II. CAPITOLO – SCONFINAMENTI 1 Dalla a di tela alla e di tele
III.2 Riferimenti tipologic
Tra lo schizzo e il bozzetto
Il bozzetto è qui inteso come un disegno più compiuto; lo schizzo, invece, mantiene l'accezione di trasposizione rapida ed evocativa del pensiero dell’artista, e si può formare ovunque. Su pezzettini di carta o superfici casuali e provvisorie, di natura qualsiasi; ma anche su carte o superfici più strutturate. Ci sono artisti che prendono il primo pezzettino di carta che hanno a portata di mano per fermare l'idea, come fa Fabrizio Plessi, e altri, come Michele Sambin, che la trattengono un po' e cercano anche per lo schizzo un foglio più giusto. Altri ancora, come Grazia Toderi, ma tra questi va citato ancora Michele Sambin, Plessi, Gianni Toti, in alcuni casi anche Giacomo Verde, si predispongono proprio all'ascolto delle loro idee, lasciano lavorare la mano e la fantasia sulla carta senza pensare necessariamente a un'opera.

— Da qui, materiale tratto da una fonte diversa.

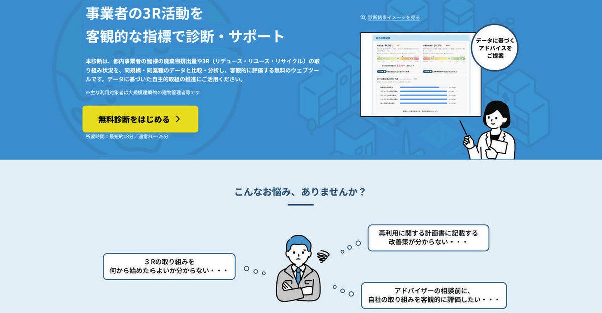 東京都は1日、事業所が自社のごみ減量やリサイクルの取り組み状況を手軽に診断できるオンラインツール「TOKYO 3R診断ナビ」を公開した...

E questa magari resterà, come nel caso dei taccuini di Gianni Toti, uno micro-schizzo
visionario già un po' progetto, oppure da quel momento anche ad anni di distanza, si tradurrà, nonostante resti schizzo, o forse è meglio dire bozzetto, in un disegno
manifesto, come nel caso di Il tempo consuma di Sambin, ovvero l'embrione matrice
di una e altre opere.
Il progetto e le versioni
Il progetto riguarda sia l'organizzazione dell'opera sia il layout definitivo, che sarà corredato dalle indicazioni tecniche necessarie all’allestimento. Diciamo che con il progetto il disegno diventa più tecnico-funzionale e per opere come le videoinstallazioni e le performance multimediali tutta questa parte è fondamentale. I progetti sono eseguiti su carte da disegno specifiche e sono comunemente conservati negli archivi dei contesti espositivi (musei, gallerie, fondazioni), come dimostrato dal
corpus di disegni inediti conservati presso i fondi d'archivio come l'Archivio Storico
dell' ASAC (Venezia), l'archivio del MAXXI (Roma), quello della Fondazione Ragghianti di Lucca, della Videoteca Care of di Milano e della Casa Totiana (Roma) e i disegni pubblicati nelle monografiche degli artisti.

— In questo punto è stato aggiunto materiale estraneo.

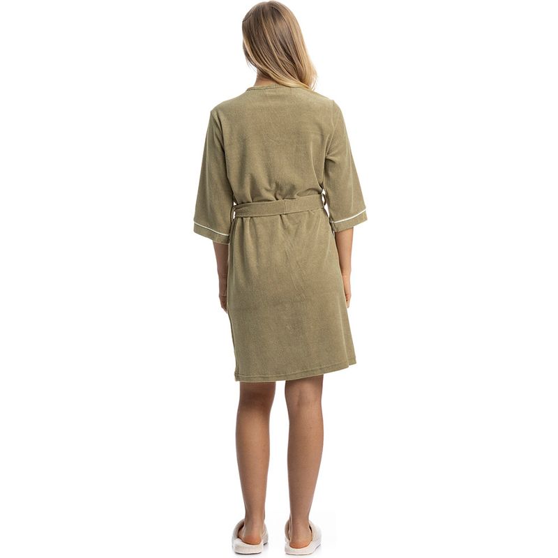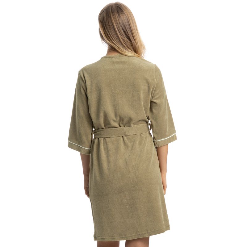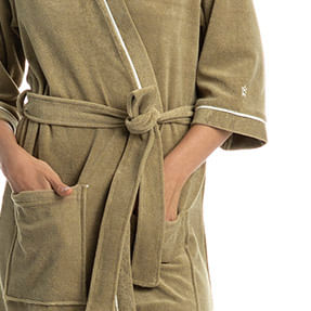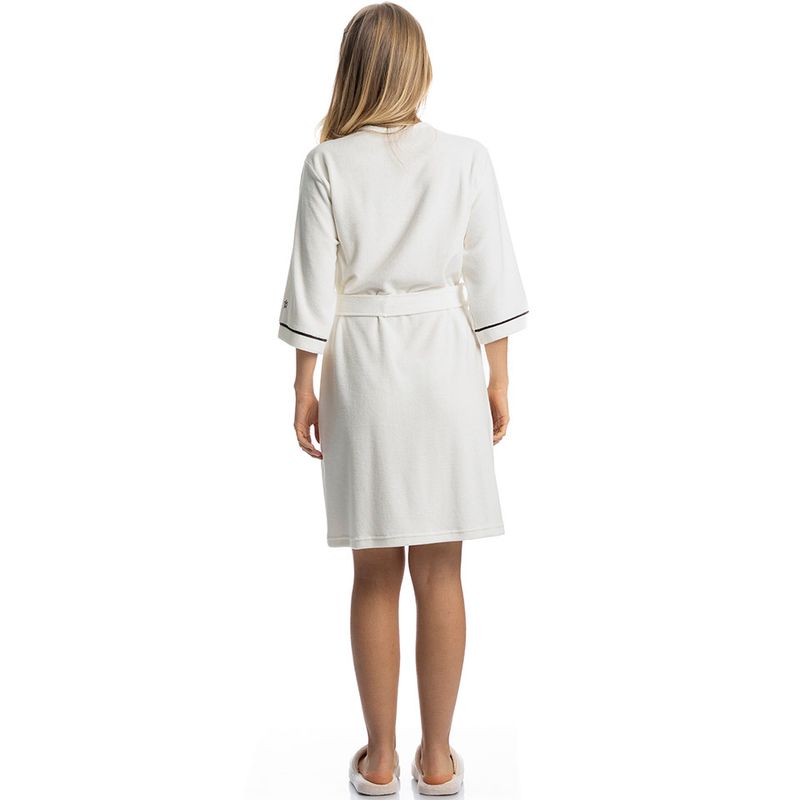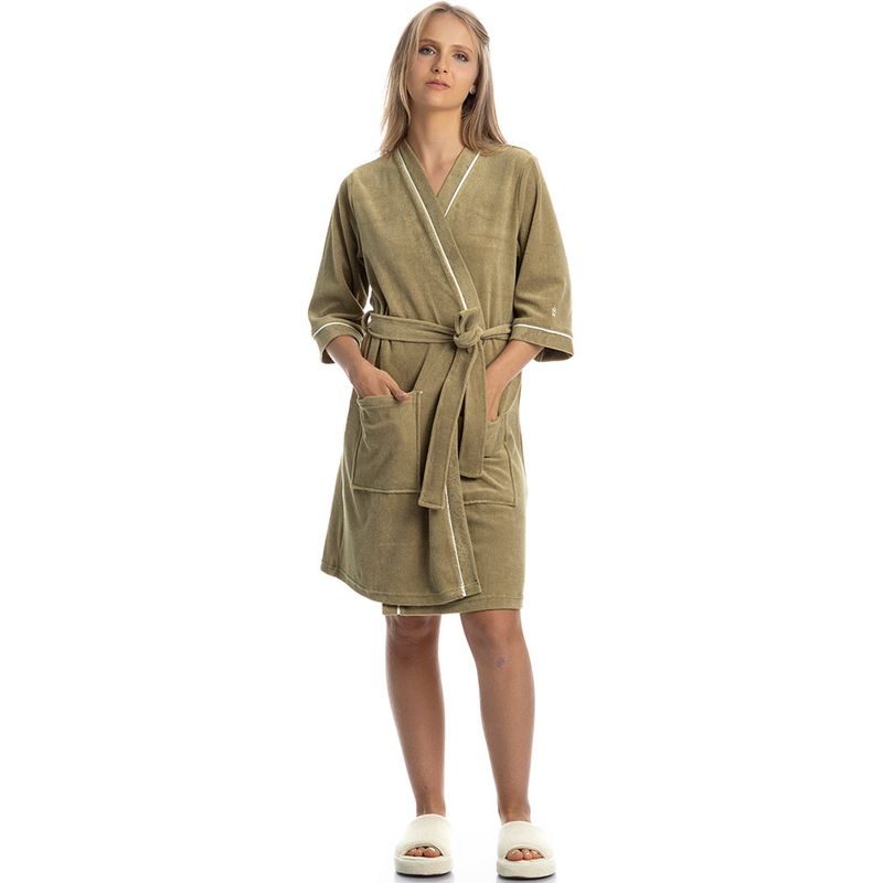 Robe Feminino Vanessa é sinônimo de conforto e elegância para seus momentos de descanso. Com comprimento próximo ao joelho e modelagem ampla, garante caimento leve e aconchegante. Possui amarre interno, cinto externo, bolsos frontais e mangas 7/8, unindo praticidade e estilo. O charme extra fica por conta do bordado com a logo Daniela Tombini na manga esquerda e dos sofisticados filetes de cetim que contornam suas frentes e mangas, adicionando um toque de requinte à peça.

Dei progetti esistono poi versioni diverse o multipli e nascono sia per esigenze dell'artista prima del layout definitivo, sia dopo a opera già esposta.

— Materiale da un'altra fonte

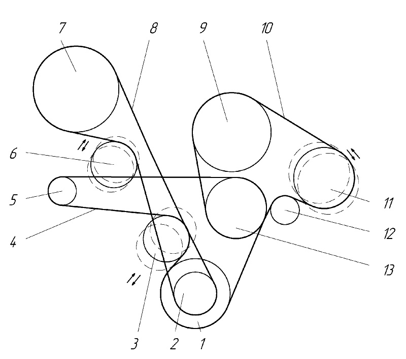 Схема привода вспомогательных агрегатов: 1 – шкив коленчатого вала привода водяного насоса и генератора; 2 – зубчатый шкив привода ТНВД; 3 – натяжной ролик; 4 – ремень привода генератора и водяного насоса; 5 – шкив генератора; 6 – натяжной ролик ремня привода ТНВД; 7 – шкив ТНВД; 8 – зубчатый ремень привода ТНВД; 9 – шкив вентилятора; 10 – ремень привода вентилятора и насоса ГУР; 11 – шкив насоса ГУР; 12 – направляющий ролик; 13 – шкив водяного насоса.

Corrispondono in sostanza a varianti dell’opera principale e possono riguardare: opere monocanale tradotte in un secondo momento in videoinstallazioni; videoinstallazioni che assumono nuove forme e realizzazioni espositive a seconda del contesto di riferimento.
Come scritto dalla studiosa francese Anne Marie Duguet:
Le installazioni […] Non hanno un solo modo di esistenza ma almeno due. In effetti quello che un collezionista acquista è un argomento, una descrizione tecnica, a volte delle immagini, degli elementi, un materiale, ma si tratta in realtà innanzitutto di un insieme di istruzioni e di un diritto di esposizione. A questo stadio si può dire che l’opera è compatibile con una partitura musicale o un progetto architettonico135
Ogni videoinstallazione ha infatti una doppia valenza, una di stampo creativo progettuale ed una derivata dal suo essere oggettuale e quindi progettabile, adattabile, nonché interpretabile in funzione di spazi diversi.
Le versioni rintracciate sono molteplici e fanno parte del repertorio artistico di Wolf Vostell, di Bill Viola e di Studio Azzurro, ma sotto varie forme sono presenti anche in 135Cfr. Anne-Marie Duguet IInstallazioni video e interattive...cit., p. 13.
altri artisti, Sambin su tutti.
Insieme ai multipli, o versioni, esistono poi le così definite prove progettuali.
Queste sono frammenti di progettazione, schizzi e ripensamenti, svincolati da esatte connotazioni spazio-temporali, eseguiti un po' ovunque e con ciò che si ha a disposizione: dalla carta velina a quella millimetrata; dal foglio da disegno al blocco notes.
Ci sono poi i dettagli progettuali. Disegni mirati accompagnati da appunti e indicazioni precise. Eseguiti con tecniche varie su supporti più “professionali”, sono importantissimi per le videoinstallazioni e i progetti performativi.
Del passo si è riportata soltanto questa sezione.